The UFL’s relative success can arguably be attributed to its strategy of complementing the NFL, rather than attempting to compete with the most popular sport in America. After all, besides the NCAA, the NFL has lacked a feeder system since the owners shut down NFL Europe. The UFL appeared to be on its way to filling that void.
But a clause in the UFL players’ contract may threaten the league’s complementary position to the NFL, and ultimately, the league’s success. As Mike Florio of Pro Football Talk has covered in detail, the UFL contracts include a transfer fee. Should an NFL team wish to sign a UFL player to its active roster (practice squad signings do not trigger the fee), it must pay the UFL $150,000.

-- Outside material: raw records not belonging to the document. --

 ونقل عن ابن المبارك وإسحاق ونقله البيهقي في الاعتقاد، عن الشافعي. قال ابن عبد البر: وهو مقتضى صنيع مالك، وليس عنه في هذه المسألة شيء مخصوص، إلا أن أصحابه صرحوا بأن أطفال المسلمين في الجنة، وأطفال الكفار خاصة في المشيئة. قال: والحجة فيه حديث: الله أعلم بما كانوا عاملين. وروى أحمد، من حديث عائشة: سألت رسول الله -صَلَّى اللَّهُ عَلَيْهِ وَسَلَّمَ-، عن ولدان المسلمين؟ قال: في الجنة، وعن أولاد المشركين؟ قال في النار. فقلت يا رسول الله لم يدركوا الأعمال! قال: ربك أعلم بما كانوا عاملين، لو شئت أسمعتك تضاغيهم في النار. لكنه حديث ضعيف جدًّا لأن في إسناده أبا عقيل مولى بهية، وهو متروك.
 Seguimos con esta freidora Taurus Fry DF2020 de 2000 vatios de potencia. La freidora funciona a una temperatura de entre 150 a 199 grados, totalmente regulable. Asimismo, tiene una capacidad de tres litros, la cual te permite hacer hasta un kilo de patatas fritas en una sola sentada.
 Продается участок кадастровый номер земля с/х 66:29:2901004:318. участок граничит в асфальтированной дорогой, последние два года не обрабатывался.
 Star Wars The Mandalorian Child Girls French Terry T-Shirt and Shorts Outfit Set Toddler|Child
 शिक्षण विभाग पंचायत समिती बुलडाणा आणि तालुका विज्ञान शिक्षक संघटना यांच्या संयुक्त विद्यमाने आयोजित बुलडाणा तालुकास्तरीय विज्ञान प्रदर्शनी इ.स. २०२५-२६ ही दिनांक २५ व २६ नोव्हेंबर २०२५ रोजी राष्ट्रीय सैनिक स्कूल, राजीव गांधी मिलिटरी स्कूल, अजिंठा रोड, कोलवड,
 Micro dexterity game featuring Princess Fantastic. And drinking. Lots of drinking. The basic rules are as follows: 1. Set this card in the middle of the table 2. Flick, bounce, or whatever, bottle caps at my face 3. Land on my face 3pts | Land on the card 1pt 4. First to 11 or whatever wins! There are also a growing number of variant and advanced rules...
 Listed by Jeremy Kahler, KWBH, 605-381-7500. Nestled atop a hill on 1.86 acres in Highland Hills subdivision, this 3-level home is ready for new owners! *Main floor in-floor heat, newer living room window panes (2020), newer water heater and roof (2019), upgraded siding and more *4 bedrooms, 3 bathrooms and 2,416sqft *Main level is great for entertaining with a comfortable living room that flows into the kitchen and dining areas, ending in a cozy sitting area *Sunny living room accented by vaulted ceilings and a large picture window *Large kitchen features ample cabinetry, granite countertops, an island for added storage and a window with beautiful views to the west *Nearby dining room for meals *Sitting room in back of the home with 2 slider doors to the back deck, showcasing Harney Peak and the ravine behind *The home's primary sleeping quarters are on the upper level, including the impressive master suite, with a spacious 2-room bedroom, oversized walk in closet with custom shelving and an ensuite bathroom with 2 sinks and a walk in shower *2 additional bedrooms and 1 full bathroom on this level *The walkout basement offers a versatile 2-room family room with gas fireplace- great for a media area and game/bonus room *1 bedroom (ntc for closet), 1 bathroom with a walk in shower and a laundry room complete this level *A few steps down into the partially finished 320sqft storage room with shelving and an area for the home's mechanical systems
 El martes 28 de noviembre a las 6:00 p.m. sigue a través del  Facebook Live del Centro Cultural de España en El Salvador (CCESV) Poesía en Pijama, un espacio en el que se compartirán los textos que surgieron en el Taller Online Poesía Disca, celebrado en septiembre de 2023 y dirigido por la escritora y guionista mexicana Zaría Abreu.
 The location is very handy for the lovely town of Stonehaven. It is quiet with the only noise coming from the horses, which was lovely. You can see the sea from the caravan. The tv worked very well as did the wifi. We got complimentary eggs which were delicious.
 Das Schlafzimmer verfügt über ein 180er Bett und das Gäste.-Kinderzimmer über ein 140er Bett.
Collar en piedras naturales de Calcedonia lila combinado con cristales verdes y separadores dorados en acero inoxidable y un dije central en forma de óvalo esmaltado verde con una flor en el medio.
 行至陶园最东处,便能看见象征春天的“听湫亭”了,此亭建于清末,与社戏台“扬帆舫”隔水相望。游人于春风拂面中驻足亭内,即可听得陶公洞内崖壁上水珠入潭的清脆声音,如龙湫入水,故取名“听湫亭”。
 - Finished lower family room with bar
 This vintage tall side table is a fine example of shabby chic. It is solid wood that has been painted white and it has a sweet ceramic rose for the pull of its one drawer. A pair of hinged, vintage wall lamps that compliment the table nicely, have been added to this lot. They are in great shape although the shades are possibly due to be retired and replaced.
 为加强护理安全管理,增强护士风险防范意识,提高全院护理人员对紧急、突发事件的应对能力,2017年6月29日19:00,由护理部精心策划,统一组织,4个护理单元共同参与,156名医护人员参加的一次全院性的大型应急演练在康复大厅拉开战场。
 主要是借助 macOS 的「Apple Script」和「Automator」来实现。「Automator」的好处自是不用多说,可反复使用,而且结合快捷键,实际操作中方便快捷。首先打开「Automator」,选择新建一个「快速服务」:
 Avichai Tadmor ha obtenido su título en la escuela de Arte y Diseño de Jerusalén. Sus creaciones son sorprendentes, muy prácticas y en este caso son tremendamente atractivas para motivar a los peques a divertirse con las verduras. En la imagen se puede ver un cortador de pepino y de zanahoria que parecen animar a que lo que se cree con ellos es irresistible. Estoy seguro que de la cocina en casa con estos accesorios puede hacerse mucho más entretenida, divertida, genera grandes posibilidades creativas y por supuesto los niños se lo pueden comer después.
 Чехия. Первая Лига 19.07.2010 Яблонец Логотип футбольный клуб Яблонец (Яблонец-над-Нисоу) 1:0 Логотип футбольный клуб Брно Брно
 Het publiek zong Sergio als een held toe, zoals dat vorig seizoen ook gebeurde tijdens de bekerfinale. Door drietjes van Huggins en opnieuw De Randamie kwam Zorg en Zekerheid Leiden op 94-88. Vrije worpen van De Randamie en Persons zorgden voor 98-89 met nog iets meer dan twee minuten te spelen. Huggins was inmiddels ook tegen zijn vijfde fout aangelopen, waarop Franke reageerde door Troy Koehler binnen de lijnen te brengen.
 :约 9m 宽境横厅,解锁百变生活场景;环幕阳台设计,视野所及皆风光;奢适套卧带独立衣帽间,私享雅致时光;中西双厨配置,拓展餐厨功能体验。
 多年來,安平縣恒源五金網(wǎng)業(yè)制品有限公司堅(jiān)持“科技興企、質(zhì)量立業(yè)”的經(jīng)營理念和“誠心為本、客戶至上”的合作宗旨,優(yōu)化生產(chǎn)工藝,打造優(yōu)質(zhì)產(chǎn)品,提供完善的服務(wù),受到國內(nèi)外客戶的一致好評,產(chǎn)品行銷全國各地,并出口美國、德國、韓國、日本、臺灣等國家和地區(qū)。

Apparently players signed this contract with the knowledge that, last season, the UFL waived its transfer fees for the 43 players who signed with NFL teams. Following this season the UFL has been unwilling to waive the transfer fee, and no UFL players have been signed to the active roster of an NFL team. As a result, the UFL has received some negative publicity from its players, including Lorenzo Booker of the Hartford Colonials. Booker boycotted the Colonials final game in protest of the rule.
Here are a few observations on the transfer fee and the resulting controversy:
- UFL players are generally bound by the terms of the contracts they signed, regardless of whether the league chose not to enforce the transfer fee last season, or whether the UFL made oral assurances to the players that the fee would be waived. As a rule of law, a written contract cannot be altered by oral terms not committed to writing.
- As mentioned on Pro Football Talk, the UFL could threaten the NFL with an antitrust claim should no team add a UFL player to its active roster. Of course, the USFL prevailed over the NFL in an antitrust suit in 1986 and was awarded $1, which was trebled to $3. The league subsequently folded.
- Is the UFL’s position reflective of the labor situation in the NFL? Perhaps the UFL wants to keep its best players for next season, in case it is the only game in town. Of course, the UFL may merely be trying to recover some of its costs.
- The UFL has successfully recruited quarterbacks with NFL experience, such as J.P. Losman, Daunte Culpepper, Jeff Garcia and Hartford’s Josh McCown. If these established players find that the UFL presents a hurdle to returning to the NFL, the UFL will likely have a less talented player pool from which to draw. Established players may find it more advantageous to wait for a call from a NFL team rather than contractually obligating themselves to the UFL and its transfer fee.